Popular Science Monthly/Volume 47/September 1895/Editor's Table

EDITOR'S TABLE.

THE PROSPECTS OF SOCIALISM.

THE result of the recent elections in Great Britain has given no little discouragement to the hopes of those who were looking to see a great increase in the socialistic element in the British House of Commons. It is clear that up to this date the British public is more interested in the definite and limited questions of so-called "practical politics" than in the vague and general schemes put forward for the improvement of the world on the lines of socialism. What the British public feels in regard to this matter is felt, we believe, by the great mass of every advanced community in the present day. When socialistic writers or orators descant on the evils of the existing condition of things, striking as they frequently do a true and generous note, the sympathy of many goes out to them; but it is a different thing when society is asked to commit its legislation to the hands of these eloquent declaimers. Even those who acknowledge that such men feel right, entertain very often grave doubts as to whether they see right—whether their views are practical, whether they have truly forecasted the results of the changes they would introduce, and whether their benevolent efforts, if power were intrusted to them, might not prove the ruin rather than the salvation of the state.

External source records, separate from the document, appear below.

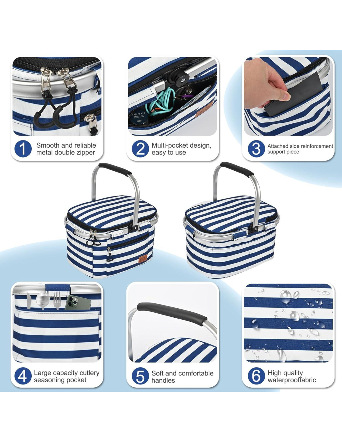 - CESTA DE COMPRAS MULTIFUNCIONAL - Esta cesta de transporte aislada es adecuada para muchos escenarios, como almuerzos, picnics, festivales de música, viajes a la playa, festivales de vacaciones, barbacoas, viajes de camping, viajes de pesca, compras en el mercado y más. Reutilizable, múltiples bolsillos y diseño ligero la convierten en una excelente opción.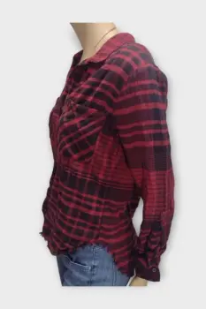 Cloth & Stone Camisa Algodón Rojo XS. Cloth & Stone Camisa Dama Algodón Rojo XSCamisa marca Cloth & Fitch en algodón roja y rayas negrasMarca: Cloth & StoneOrigen: IndiaMaterial: algodónTalla: XSEstilo: CasualPatrón: EscocesColor: Rojo y Rayas NegrasCierre: BotónPecho: 51 cmLargo: 65 cmHombro: 40 cm Manga: 58 cmRopa de USO en muy buen estado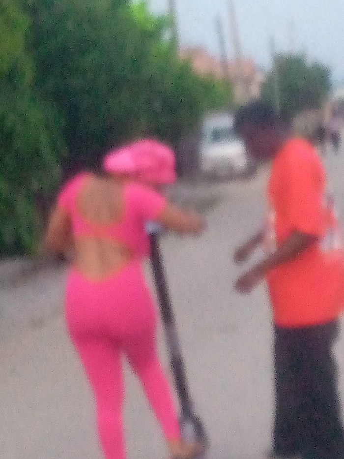 A blurry image shows two people on a street. A woman in a bright pink outfit, including a cap, stands with her back to the camera next to a scooter. She has a low back dress or top. A person wearing an orange shirt and dark pants is standing facing the woman. The background includes trees and a blurred white vehicle.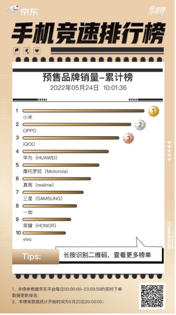 凭借着多款产品的不俗表现,小米也如愿拿下了京东手机预售品牌销量累计榜冠军,OPPO则拿下第二,iQOO则凭借iQOO 9的优异表现拿下第三。TOP10其余位置则被华为、摩托罗拉、realme、三星、一加、荣耀、vivo承包。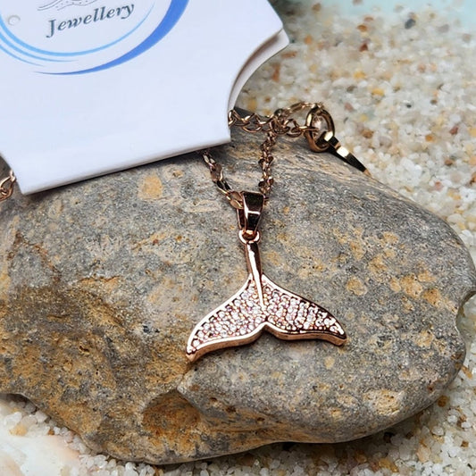 DOLPHIN TAIL CHARM - CUBIC ZIRCONIA ROSE GOLD WATERPROOF NECKLACE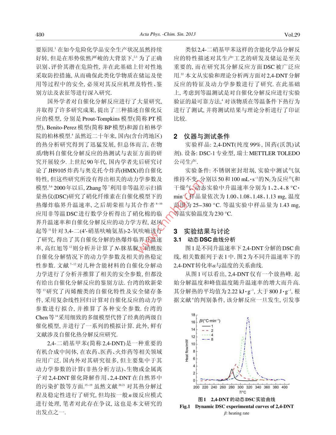 2,4-二硝基甲苯熱解自催化特性鑒別及其熱解動力學(xué)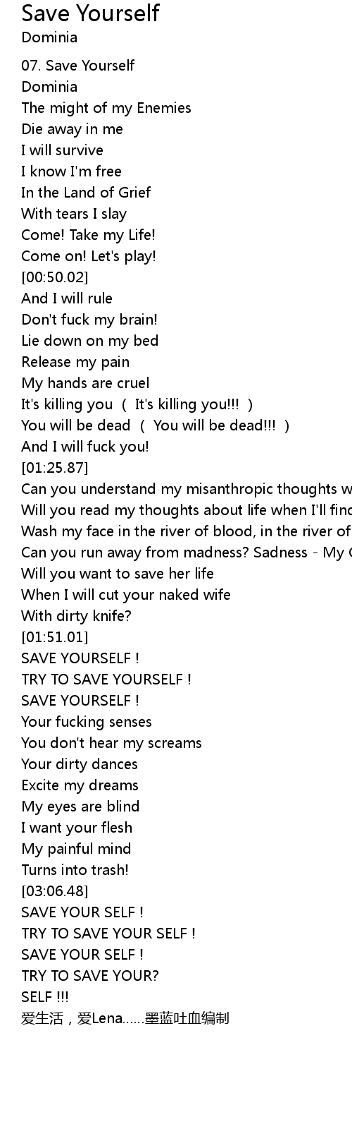 | [03:35.68] | SAVE YOUR SELF ! |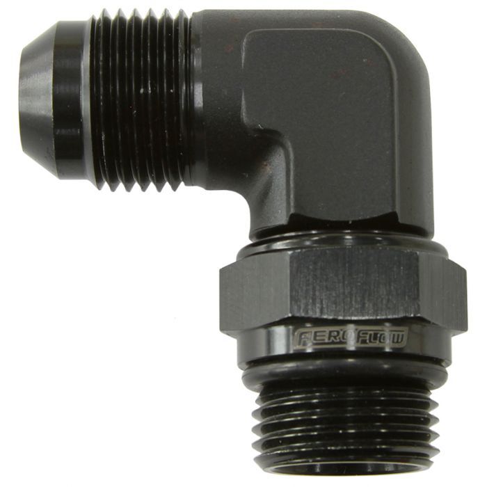Male to Male full flow ORB to AN adapter. Adapt from an ORB thread to AN flare with a 90 degree bend and full 360 degree swivel. Various sizes available.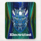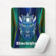 Futuristisch aussehendes Mousepad, mit grafischem Kunstwerk eines metallischen, blauen Roboterkopfes mit elektrischen Strömungen, die von ihm nach oben und unten gehen. Benutzerdefinierter Text am unteren Rand ist bereit, zu personalisieren, um zu lesen, was Sie gewollt.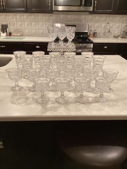 FOSTORIA ‘Argus’ crystal ($175 FOR ALL 26 OR $8 EACH) -10 iced tea glasses, 6 water glasses, 10 sherbet/dessert glasses (perfect condition - much more$8Lexington, KY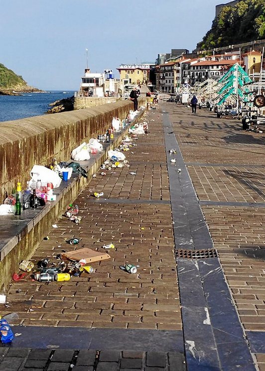 Esta imagen del puerto de Donostia sucio tras un botellón nocturno despertó gran indignación en las redes sociales, pues evidencia la incapacidad para controlar este tipo de conductas de riesgo una vez ha decaído el estado de alarma. La Ertzaintza dio cuenta de la celebración de estos botellones en las tres capitales de la CAV. Su información recoge intervenciones para disolver alguna de estas concentraciones, siendo respondidos los operativos con el lanzamiento de objetos en Artaza. También se incendiaron varios contenedores en la localidad de Eibar. Pese a ello, por lo general, el respuesta fue la de correr para evitar la denuncia. En total, la Ertzaintza impuso 55 multas. En Nafarroa, donde sigue vigente el estado de alarma, se denunció a cinco personas en Tutera.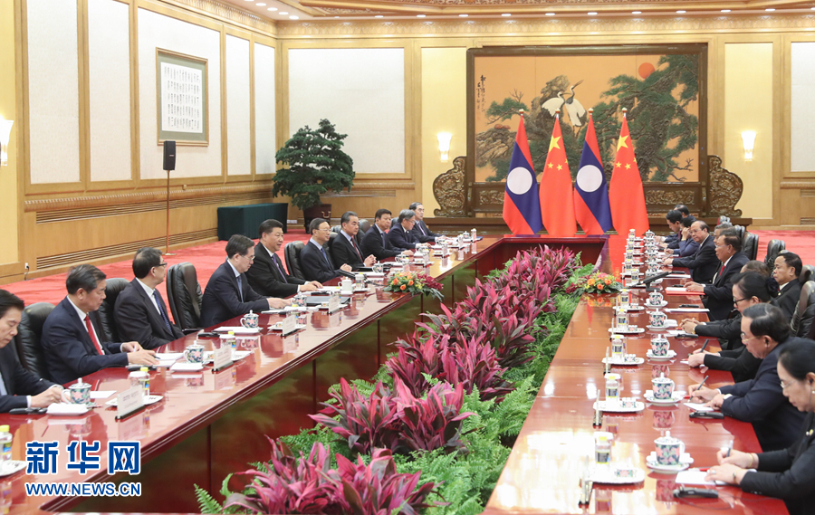4月30日,中共中央總書記、國家主席習近平在北京同老撾人民革命黨中央總書記、國家主席本揚舉行會談。 新華社記者 劉衛(wèi)兵 攝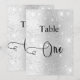 O número da tabela é escrito com um script de estilo elegante com letra manual. Letras negras, um fundo de prata sujo com poeira brilhante falsa, faíscas. Se você quiser a mesa número 2, 3 etc, deverá solicitar a segurança como produtos individuais.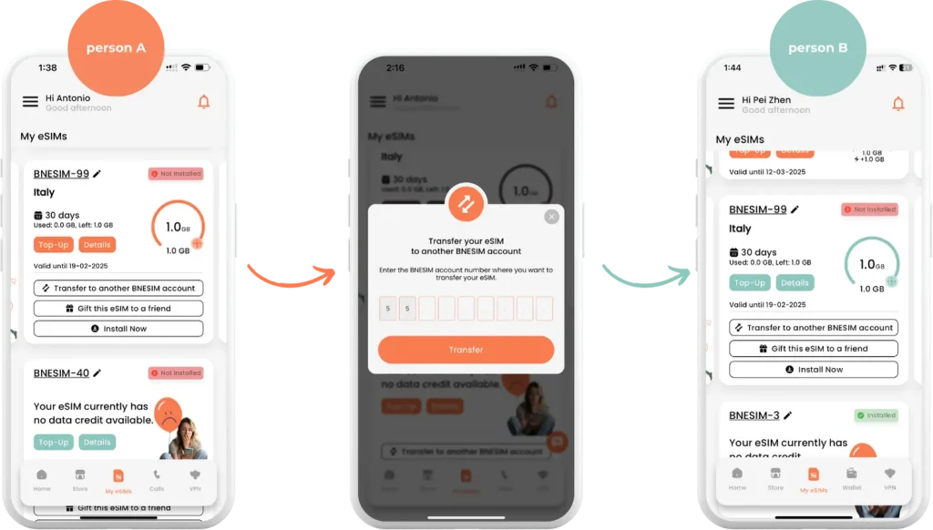 Transférez facilement une eSIM vers un autre compte BNESIM pour une utilisation immédiate.
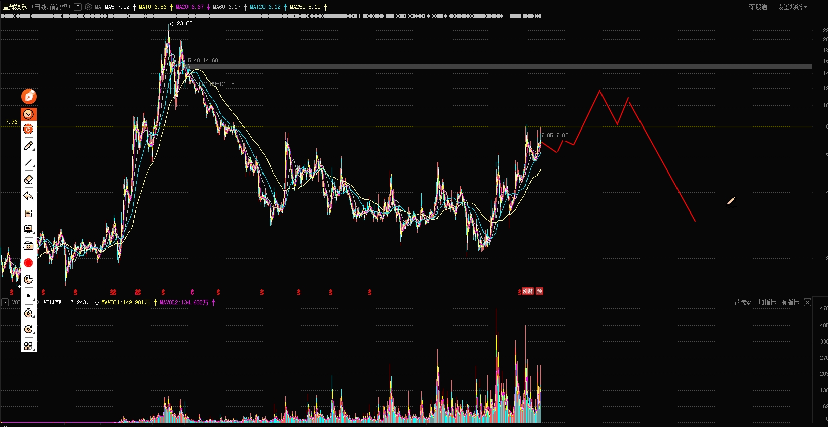 $星辉娱乐(SZ300043)$ 调整已经开始估计3个个月左右

It would be a great mistake to suppose that all who can not see their way to support socialistic schemes, and who can not even share to the full socialistic sentiments, are either insensible to the evils, such as they are, of our social state, or unwilling to do all in their power to have those evils remedied. There is abroad in the world to-day a very general desire to see things made right and fair for the average of mankind and for all men, to have the general conditions of life improved, to have an abatement, on the one hand, of the senseless luxury of the wealthy class, and, on the other hand, a dignifying of the lot of the ordinary citizen. Things are to-day perceptibly moving in the direction of giving better conditions to the average man; but they might move more quickly if the average man would only stand more firmly on his rights, and prosecute them in a more intelligent manner. Whenever the state grants a public franchise, then is the time to make the best bargain possible for the citizens at large. But on what does the possibility of protecting the rights of the citizen in such matters depend? Manifestly, on there being in our legislative bodies men who will not traffic with rich corporations in the citizens 1 rights. Then on what does the presence of such men in the legislature depend? Now we come to it: the citizen has the composition of the legislature in his own hands, and it depends on him whether the making of the laws shall be intrusted to honorable or to dishonorable, to trustworthy or untrustworthy, men. One of two things: either representative institutions are a mockery and a fraud, or the mass of the citizens have it now in their power to protect their own interests so far as the whole public life of the state is concerned. How they have betrayed their own rights and privileges into the hands of tricksters, gulled by some party cry or swayed by yet baser motives, is the story of nineteenth-century politics.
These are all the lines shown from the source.